Últimas aquisições MPR #22
Há quatro ou cinco séculos não existia a enorme variedade de móveis que hoje usamos nas nossas casas. Meia dúzia deles bastavam para assegurar as necessidades principais: deitar, sentar, guardar.
Esta mesa, provavelmente feita no século XVII, foi comprada para a coleção do Museu da Presidência da República e encontra-se no Palácio da Cidadela de Cascais. Servia para ler e escrever sobre ela, assim acham os autores que têm estudado o mobiliário. Naquela época, poucas, muito poucas pessoas não eram analfabetas, portanto só um número reduzido de casas a podia ter no seu recheio.
O nome mais antigo seria banca, que Rafael Bluteau (1638-1734), um frade estudioso da língua portuguesa, define no Vocabulario Portuguez e Latino: «bufete sobre o qual o letrado tem os livros em que estuda». Mesa seria especificamente o tampo de madeira que, neste modelo, é sempre mais largo que a estrutura onde assenta, ampliando a superfície utilizável. Na prática, percebemos que mesa, banca e bufete podiam ser usados como sinónimos.
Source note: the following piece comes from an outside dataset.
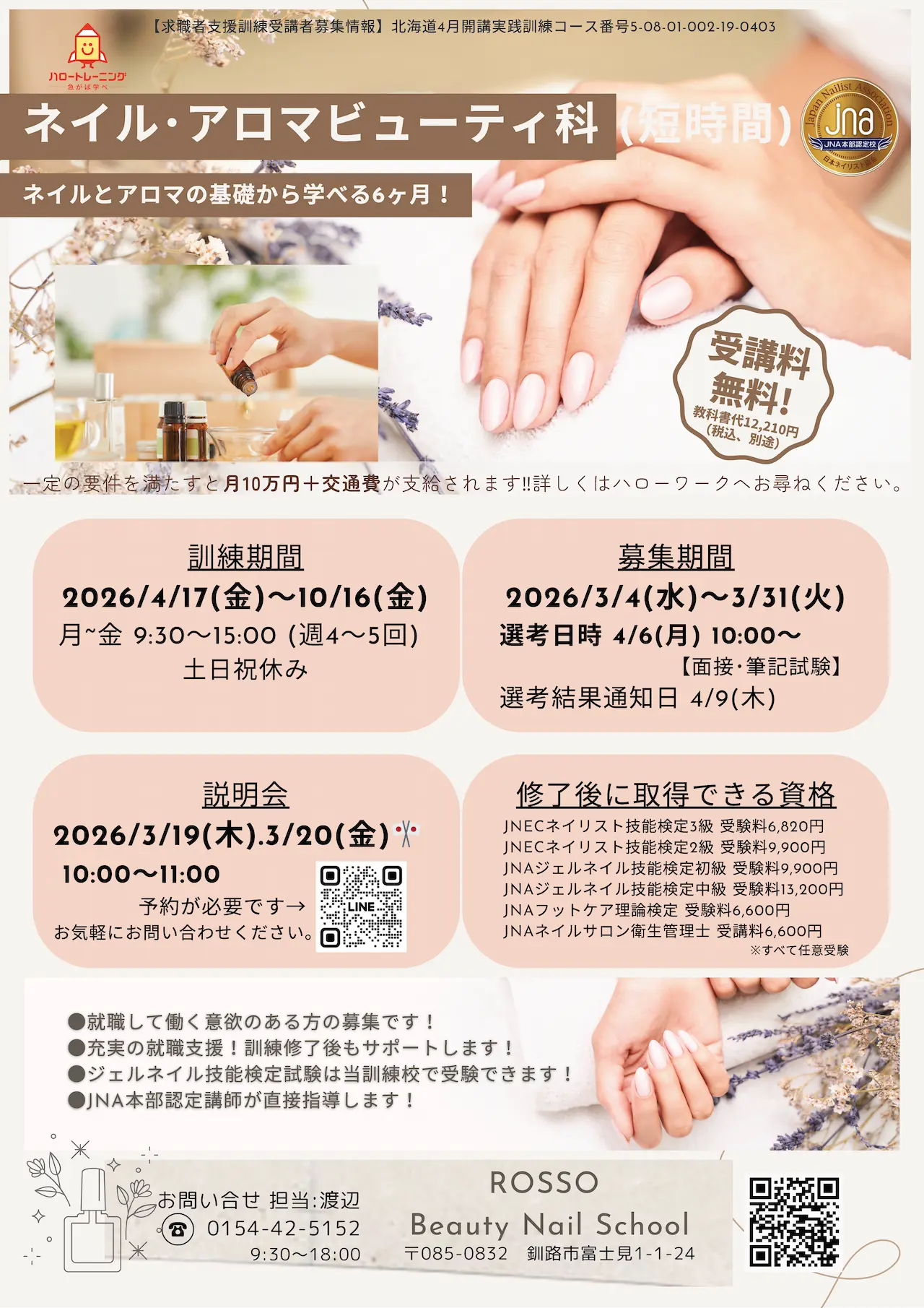 Nail School釧路のJNA認定のネイルスクール ROSSO

A madeira – o afamado pau santo – e o marfim, a desenhar cercaduras e losangos, tornam esta mesa uma peça fina e sofisticada. Conhecem-se exemplares feitos com diferentes madeiras e usando outras decorações, no entanto, é comum a simplicidade com que se montam e desmontam nas suas partes: o tampo com as gavetas, as quatro pernas e as quatro travessas de ligação, unidas por discretas ferragens, quais parafusos. Eram, pois, mesas que se transportavam com facilidade, característica comum aos móveis e que perdurou.
Mesa filipina é outra designação corrente: torna claro que ter-se-á começado a usar durante a dinastia dos Filipes, reis de Espanha e de Portugal, entre nós, de 1580 a 1640. É verdade que esta classificação, baseada no estilo, traz problemas à História do Mobiliário e à História da Arte, em geral: anula aspetos singulares, desconsidera o que não se encaixa, força a unidade – parte desse pressuposto – mesmo que ela não exista.
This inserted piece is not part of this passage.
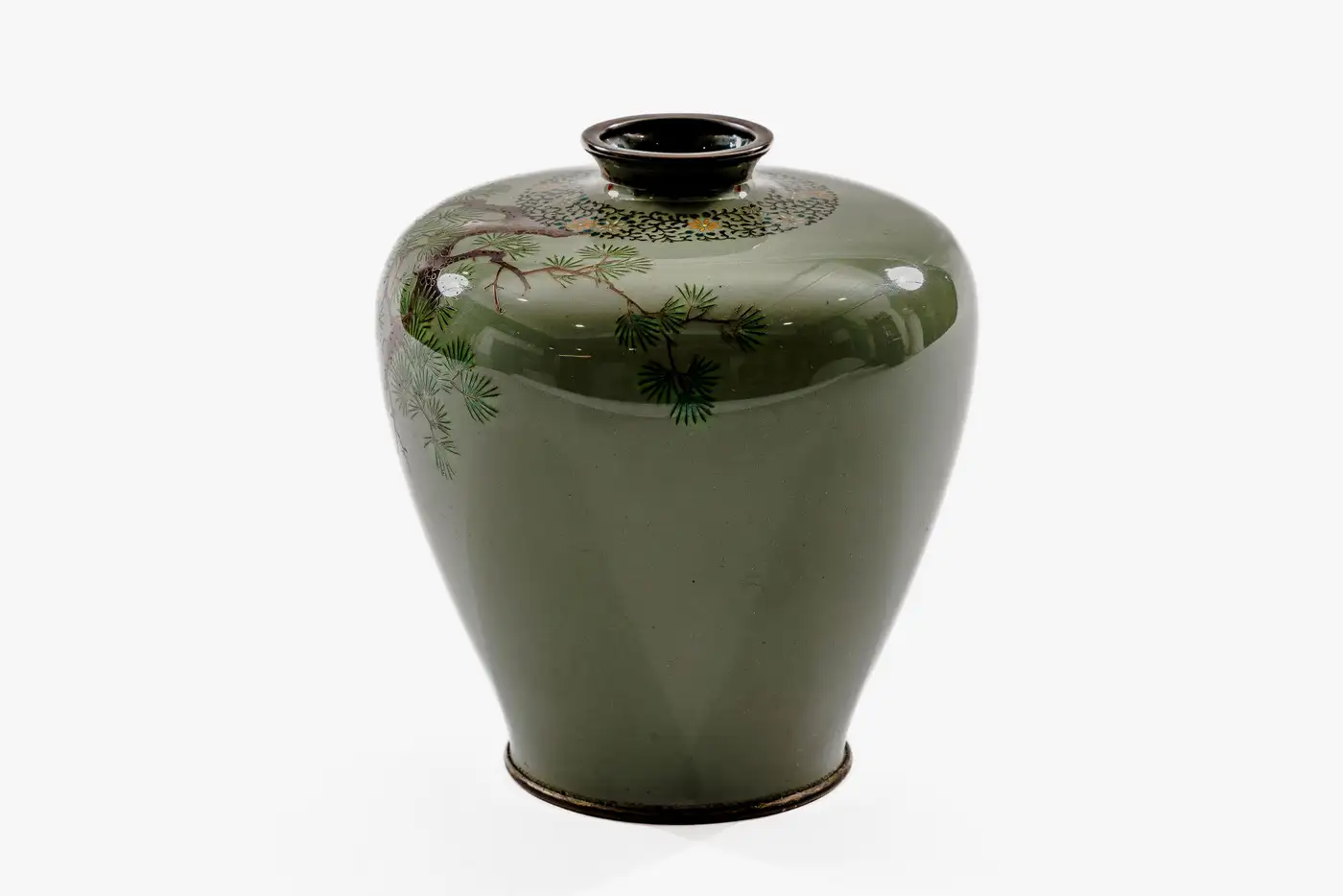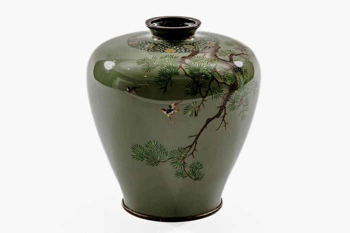 - The surface is elegantly composed with sweeping pine branches extending across the body, accompanied by finely rendered birds in flight. The decoration is executed with remarkable subtlety, employing both silver and gold cloisonné wire: silver wire articulates the foliage with quiet precision, while gold wire defines the birds, creating a nuanced interplay of tone, texture, and light. This deliberate contrast reflects a level of artistic intention and technical mastery associated with the highest tier of Meiji period production.

O Palácio da Cidadela de Cascais foi construído a partir de dois edifícios preexistentes: a casa ou palácio do governador e o edifício de Santa Catarina. É muito provável que o militar mais graduado, o governador da fortaleza, tivesse uma mesa para ler e escrever na sua casa, entre o reduzido e austero recheio, aos olhos da noção atual de conforto. O mesmo podemos pensar para o período em que a Cidadela se transformou em Paço Real, a partir de 1870, quando passou a estar na moda misturar móveis de diferentes estilos e épocas, originais ou cópias.
A mesa foi posta no Palácio da Cidadela de Cascais, na sala de apoio ao quarto de dormir principal, preparado para acolher chefes de Estado em visita oficial a Portugal. Vale a pena vê-la ao vivo.